Selain itu kertas bekas tidak perlu dibakar. Karena apabila dibakar akibatnya adalah kertas yang terbakar tersebut akan melepaskan karbon ke atmosfer yang kemudian akan mengikat dengan oksigen untuk membentuk karbon dioksida.

Singkatnya, dibutuhkan 70 hingga 90% lebih sedikit energi untuk membuat kertas daur ulang, dan karena energi yang tersedia tidak selalu berasal dari sumber terbarukan, ini akan mengurangi emisi gas rumah kaca lebih jauh.

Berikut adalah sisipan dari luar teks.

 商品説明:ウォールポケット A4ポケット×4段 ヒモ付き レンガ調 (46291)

Untuk membantu menyelenggarakan pembangunan berkelanjutan, masyarakat kita harus mendaur ulang sumber dayanya yang berharga dan terbatas. Selain itu, perlu diimbangi dnegan menghindari konsumsi berlebih dan menggunakan kembali apabila dapat dilakukan. Sehingga manfaat yang didapatkan dari kegiatan  daur ulang adalah:

  1. Mengurangi jumlah sampah yang dikirim ke tempat pembuangan sampah dan incinerator
  2. Melestarikan sumber daya alam seperti kayu, air dan mineral
  3. Meningkatkan nilai ekonomi dengan memanfaatkan sumber material domestic
  4. Mencegah polusi dengan mengurangi kebutuhan untuk mengumpulkan bahan baku baru.
  5. Menghemat energi
  6. Menghemat sumber daya
  7. Membantu menciptakan lapangan kerja di industri daur ulang

Contoh Daur Ulang

Berikut ini contoh-contoh barang yang dapat di daur ulang, antara lain:

  1. Kertas

Ketika kita mendaur ulang kertas, berarti kita telah menyelamatkan sejuta pohon di planet kita ini dengan mencegah deforestasi.

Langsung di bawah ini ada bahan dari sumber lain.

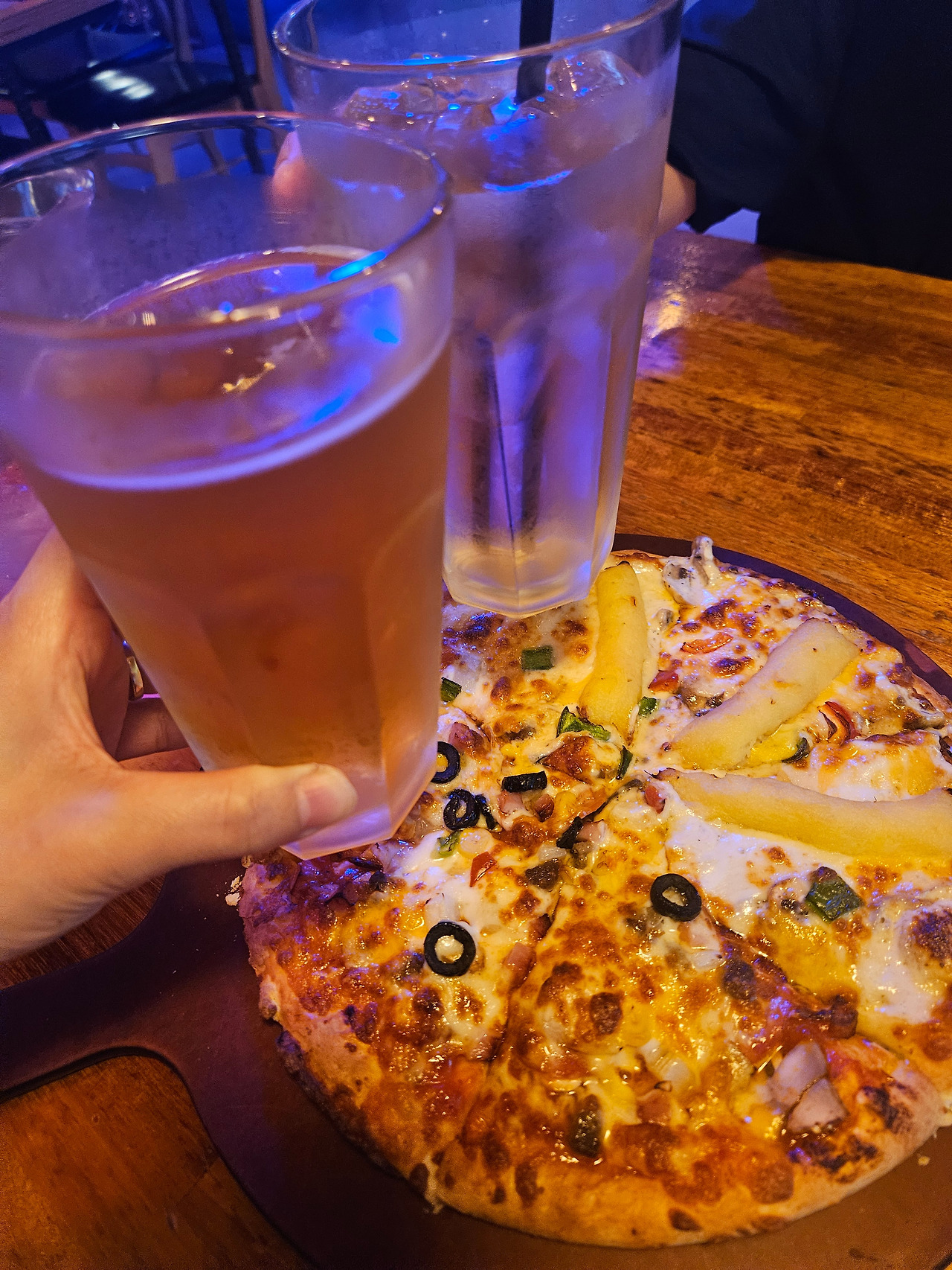 -저녁식사 >> 숙소 근처 피자집에서 피자로 저녁식사.

Saat ini perusahaan menggunakan kertas daur ulang untuk banyak kebutuhan pencetakan mereka seperti kartu nama, pencetakan kertas umum, menulis proposal dan membuat memo. Bahkan majalah, koran, dan buku dapat didaur ulang.

Daur ulang kertas tersebut dilakukan dengan mengumpulkan sampah kertas kemudian dari sampah tersebut dibuat bubur kertas kembali dan diproses sebagaimana pembuatan kertas pada semestinya. Selain itu kertas juga bisa dimanfaatkan dalam pembuatan kerajinan seperti misalnya pembuatan prakarya dari koran bekas.

  1. Kardus

Daur ulang satu ton kardus menghemat sekitar sembilan meter kubik ruang TPA. Karton biasanya digunakan di rumah tangga dan perusahaan. Mereka digunakan untuk pengemasan dan pengiriman produk. Kotak kardus besar dan kecil dapat didaur ulang meskipun mudah terurai secara hayati.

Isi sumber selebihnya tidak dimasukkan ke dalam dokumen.